In TRA-2P Study, Adding Merck's Vorapaxar to Standard of Care Significantly Reduced the Risk of Cardiovascular Events

In TRA-2P Study, Adding Merck's Vorapaxar to Standard of Care Significantly Reduced the Risk of Cardiovascular Events
Results Published in the Online Edition of the New England Journal of Medicine and Presented at American College of Cardiology Scientific Session

Merck Continues Discussions with External Experts to Determine Next Steps

CHICAGO, March 24, 2012 - Researchers today presented and published results from the TRA-2P (Thrombin-Receptor Antagonist in Secondary Prevention of Atherothrombotic Ischemic Events) TIMI 50 study of vorapaxar, Merck's investigational anti-thrombotic medicine, in patients with a prior history of cardiovascular events or disease. In the study, the addition of vorapaxar to standard of care (e.g. aspirin, or thienopyridine or both) resulted in a significantly greater reduction in the risk of the composite of cardiovascular (CV) death, heart attack, stroke or urgent coronary revascularization. This is the first time that an anti-thrombotic medicine added to the standard of care, including aspirin, has been shown to provide an additional, significant reduction in cardiovascular events in the secondary prevention setting, defined as patients who previously experienced a heart attack, an ischemic stroke, or who had documented peripheral arterial disease, or PAD. There was also a significant increase in bleeding, including intracranial hemorrhage (ICH), among patients taking vorapaxar in addition to standard of care, although the risk of ICH was lower in patients without a history of stroke.

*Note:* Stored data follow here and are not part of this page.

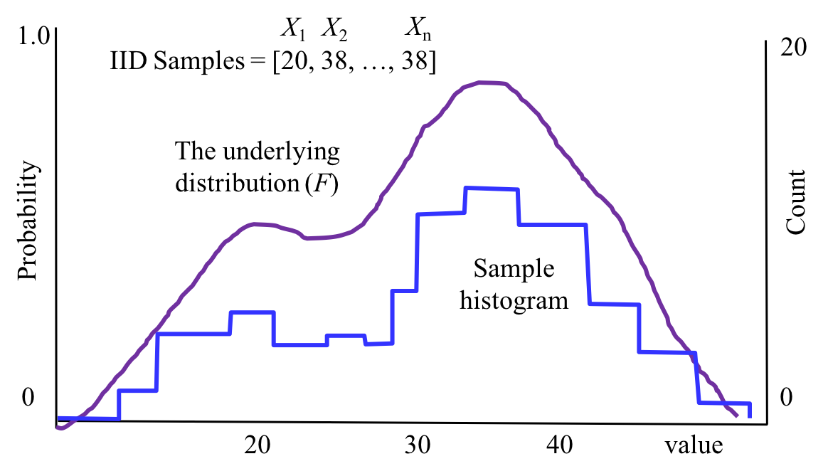 We assume that the data we look at are IID from the same underlying distribution ($F$) with a true mean ($\mu$) and a true variance ($\sigma^2$). Since we can't talk to everyone in Bhutan we have to rely on our sample to estimate the mean and variance. From our sample we can calculate a sample mean ($\bar{X}$) and a sample variance ($S^2$). These are the best guesses that we can make about the true mean and true variance. \begin{align*} \bar{X} &= \sum_{i=1}^n \frac{X_i}{n} \\ S^2 &= \frac{1}{n-1}\sum_{i=1}^n (X_i - \bar{X})^2 \end{align*} The first question to ask is, are those unbiased estimates? Yes. Unbiased, means that if we were to repeat this sampling process many times, the expected value of our estimates should be equal to the true values we are trying to estimate. We will prove that that is the case for $\bar{X}$. The proof for $S^2$ is in lecture slides. \begin{align*} E[\bar{X}] &= E[\sum_{i=1}^n \frac{X_i}{n}] = \frac{1}{n}E\left[\sum_{i=1}^n X_i\right] \\ &= \frac{1}{n}\sum_{i=1}^n E[X_i] = \frac{1}{n}\sum_{i=1}^n \mu = \frac{1}{n}n\mu = \mu \end{align*}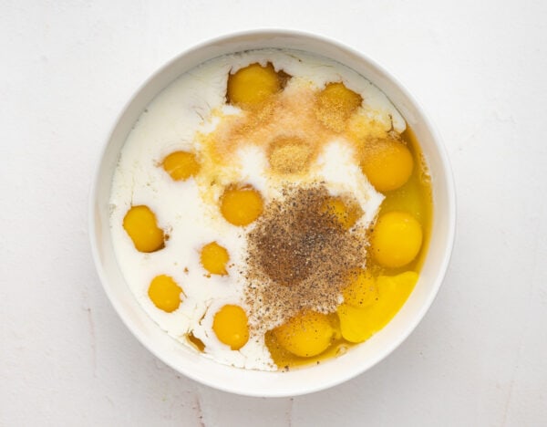 - In a large mixing bowl, vigorously whisk together 16 large eggs, 1/4 cup whole milk, 1/2 teaspoon salt, 1/4 teaspoon pepper, and 1/4 teaspoon garlic powder until the eggs are light, fluffy, and pale in color.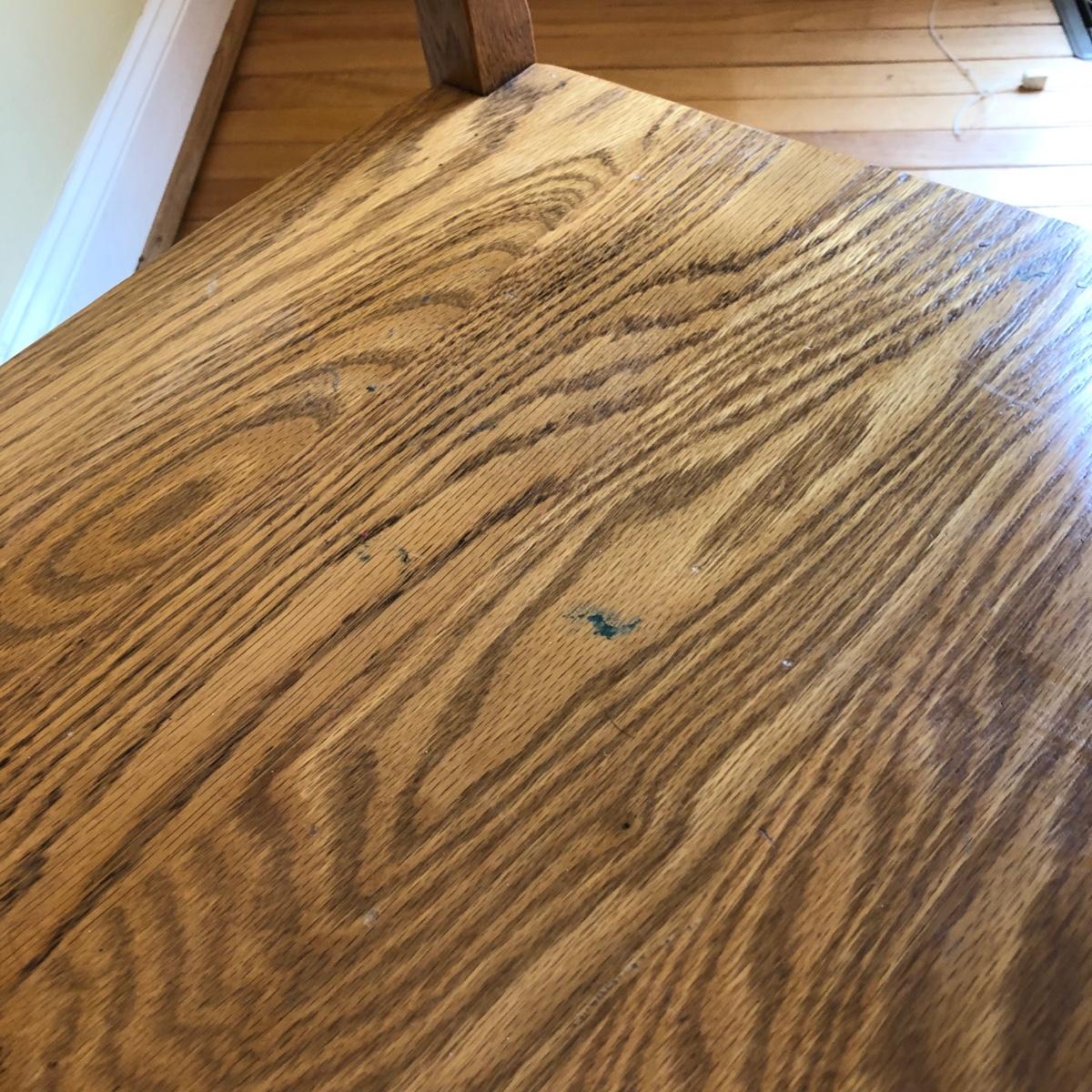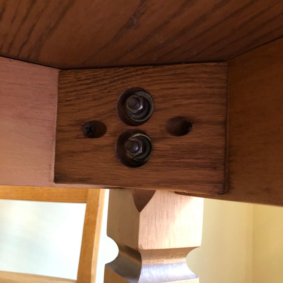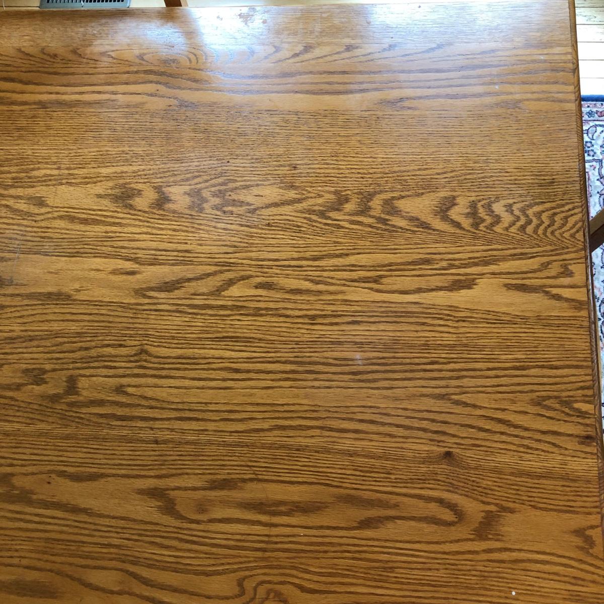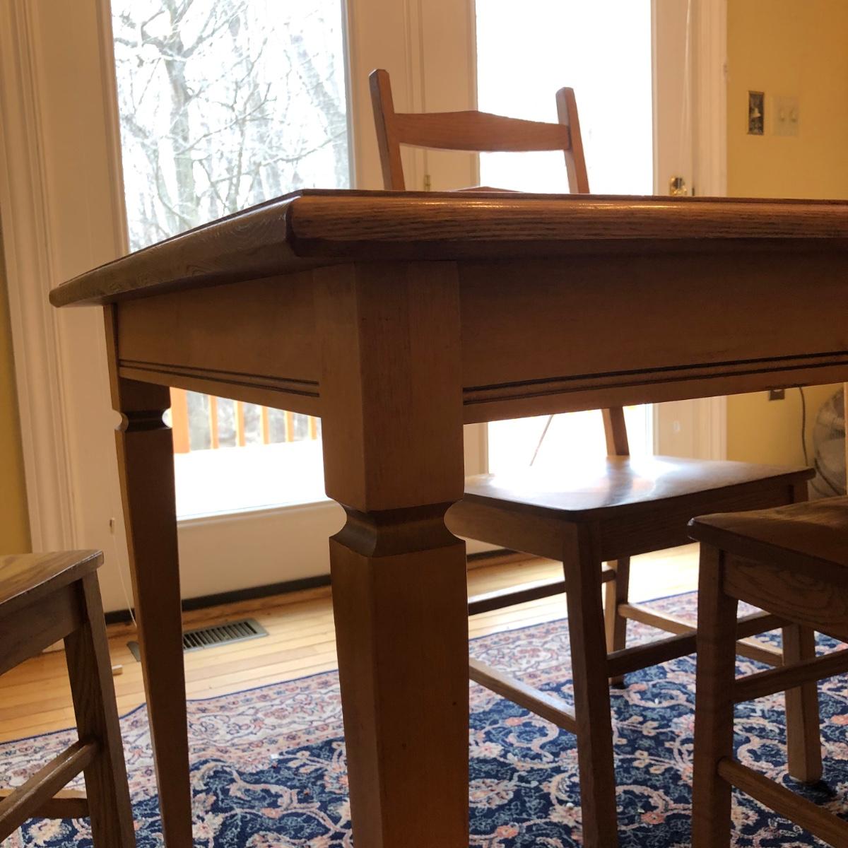 Oak table measures 59W x 35D x 30H. Chairs measure 16W x 17D x 43H. Four chairs included.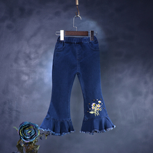 2017新款春季女童牛仔裤韩版童装钉珠刺绣时尚流苏中大童喇叭裤子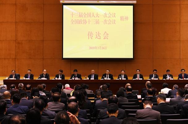 全國人大常委會委員、澳門特區立法會主席賀一誠,全國政協常委、澳門基本法推廣協會會長廖澤雲在會上分別傳達了十三屆全國人大一次會議、全國政協十三屆一次會議精神。全國政協副主席何厚鏵、澳門特區行政長官崔世安、澳門中聯辦主任鄭曉松等出席會議。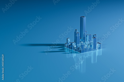 Obraz premium City block engineering model on reflective surface with copy space. 3D rendering.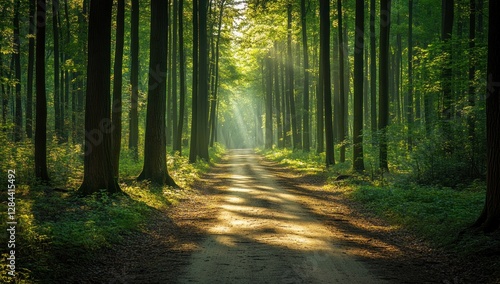 © Ahmad, Obraz premium Sunlit Path Through a Lush Green Forest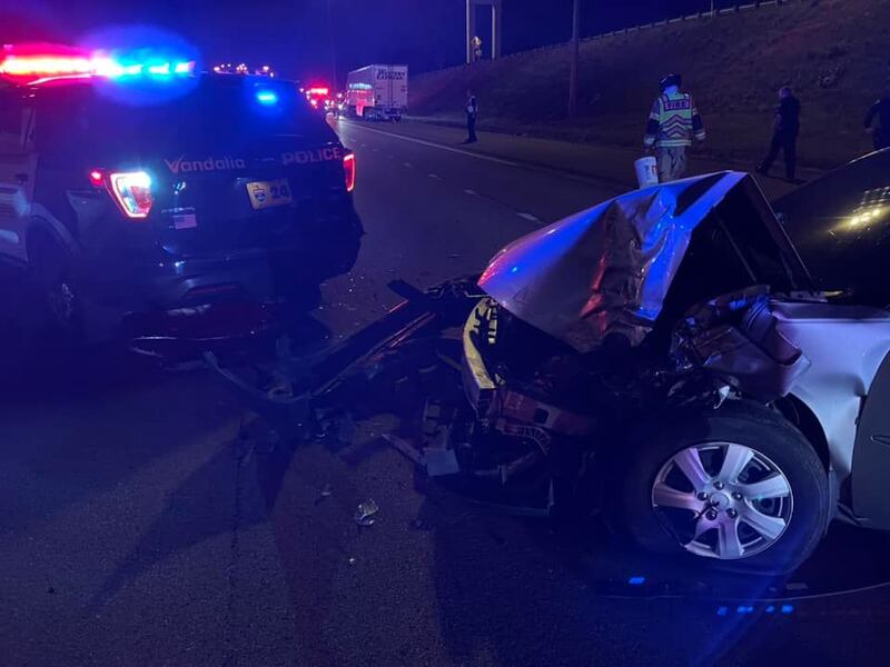 A passenger vehicle struck a semi trailer stopped alongside the road, the post stated. As police and fire crews were arriving, a second passenger vehicle struck a Vandalia Police cruiser that was stopped providing traffic control.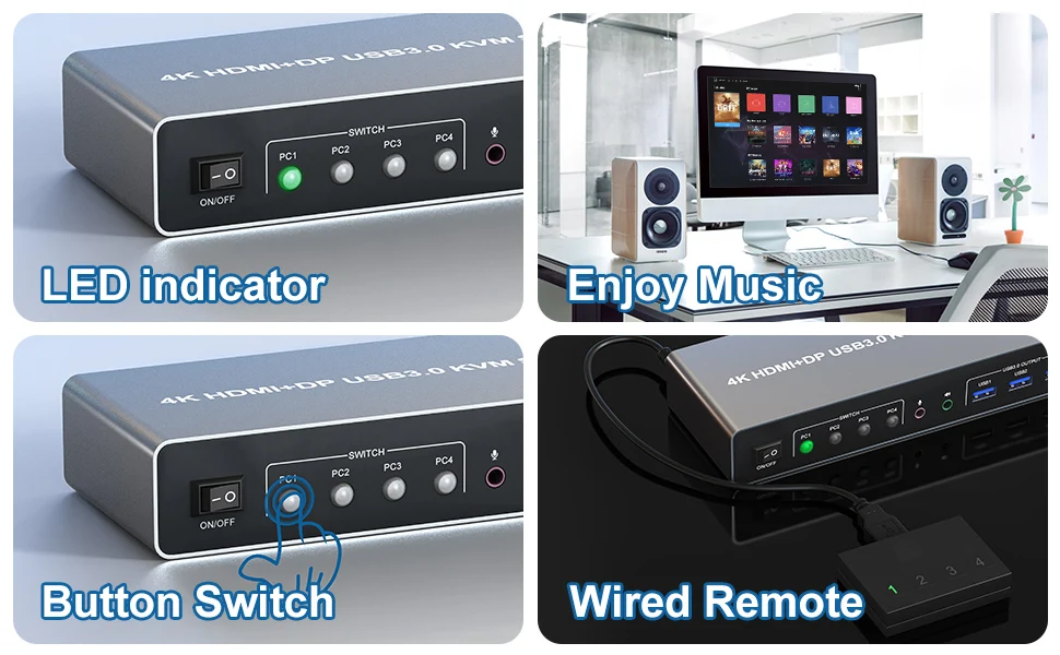 HDMI + DP Dual Monitor KVM Switch 4 computers share 2 monitor and 3 USB 3.0 devices, and Audio Microphone Ports

The results of TRA-2P in 26,449 patients were presented during a late-breaking clinical trials session at the American College of Cardiology 61st Annual Scientific Session (ACC.12) and published concurrently online in the New England Journal of Medicine. The study was led by the Thrombolysis In Myocardial Infarction (TIMI) Study Group of Brigham and Women's Hospital in Boston, Massachusetts.

In this three-year study, the addition of vorapaxar to standard of care in the full study population significantly reduced the risk of the protocol-specified primary composite endpoint of cardiovascular death, heart attack, stroke or urgent coronary revascularization by 12 percent compared to placebo plus standard of care (11.2 percent vs. 12.4 percent, p=0.001). The addition of vorapaxar also resulted in a significant 13 percent reduction in the protocol-specified key secondary composite endpoint of CV death, heart attack and stroke (9.3 percent vs. 10.5 percent, p<0.001). The addition of vorapaxar significantly increased moderate or severe bleeding, as measured by the GUSTO scale¹, (4.2 percent vs. 2.5 percent, p<0.001). There was no statistically significant difference in the rate of fatal bleeding in the study between the group receiving vorapaxar and the group receiving standard of care alone (0.3 percent vs. 0.2 percent, p=0.19). Rates of intracranial hemorrhage (ICH) were significantly greater in the vorapaxar arm compared to placebo (1.0 percent vs. 0.5 percent, p<0.001), primarily driven by patients with a history of stroke. In patients without a history of stroke, the rates of ICH were numerically greater in the vorapaxar arm compared to placebo (0.6 percent vs. 0.4 percent p=0.049).

"Results from this trial demonstrated for the first time that inhibition of another platelet pathway in addition to standard antiplatelet therapy reduced the risk of recurrent cardiovascular events in long-term secondary prevention," said David A. Morrow, M.D., MPH, senior investigator at the TIMI Study Group and Director, Levine Cardiac Intensive Care Unit, Brigham and Women's Hospital. "As is the case with other potent oral antiplatelet agents, the antithrombotic benefit of vorapaxar must be weighed against the increased risk of bleeding, and any potential clinical use of vorapaxar would have to be based on appropriate patient selection."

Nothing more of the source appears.